All diurnal primates live in long-term groups and are highly social animals. They exhibit a large variation in social behaviour, behaviour aimed at other individuals. Social behaviour concerns agonism: both aggression and submission, affiliation: friendly behaviour like grooming, and sexual behaviour. All these social behaviours are part of the normal primate behavioural repertoire. Primates recognize their group members as individuals, and also recognize animals from other social groups. They maintain differentiated social relationships with these individuals, from friendly to negligent to occasionally hostile.
Aim of the research
The fundamental research on animal behaviour concerns the evolution of social behaviour in primates, also in comparison with humans. In primates not only the ecological environment, with predators and food, is an important selection pressure on behaviour. Also the social environment formed by conspecifics forms a crucial selection pressure. Conspecifics are both potential competitors and potential cooperation partners. The importance of cooperation for the individual itself and its partner will depend on the circumstances. A good assessment of whose friendship should be maintained and who will be a competitor requires advanced social capacities. Currently, the complexity of this social setting is considered a crucial determinant in the evolution of primate intelligence. Social behaviour depends on an individual's characteristics, its position in the social group and its intelligence, in combination with the interests of its social partners. The research focuses on the regulation of agonistic, affiliative and sexual behaviour.

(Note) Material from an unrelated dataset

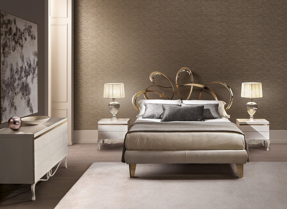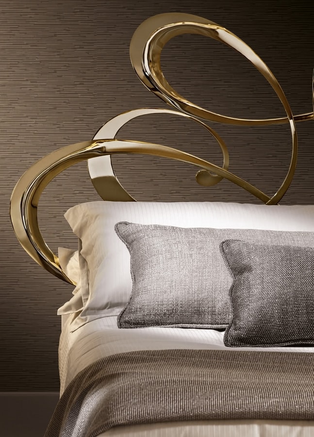 La struttura in metallo è realizzata in bagno di galvanica con finitura oro pallido; il giroletto imbottito può essere rivestito in tessuto, velluto, pelle, ecopelle o con un tessuto fornito dal cliente (sfoderabile). Le volute dorate della testata rimandano a un mondo onirico e altamente decorativo, pur mantenendo tutta la praticità e la solidità di un letto in metallo. Il letto Dolcevita è disponibile in varie dimensioni per reti da cm: 160x200 (letto matrimoniale), 180x200 (letto matrimoniale) e 200x200 (letto king size) anche nella versione con box contenitore. Su richiesta, è possibile realizzarlo anche fuori misura per materassi di lunghezza cm 210, 220, 230 o altre dimensioni richieste dal cliente; un letto più lungo per offrire il massimo comfort anche a persone molto alte.

Social behaviour and animal welfare
Social behaviour is an important aspect of primate behaviour. Therefore, in primates the possibility to engage in social interactions is considered a crucial component of their welfare. This is expressed in the importance of good rearing and housing conditions: maturing and living in a social group results in "normal" social behaviour. Lack of social conditions are a major breach of primate welfare. Fundamental research on primate social behaviour has contributed to the design of the current social housing of primates at the BPRC and contributes to the improvement and monitoring of the husbandry practices.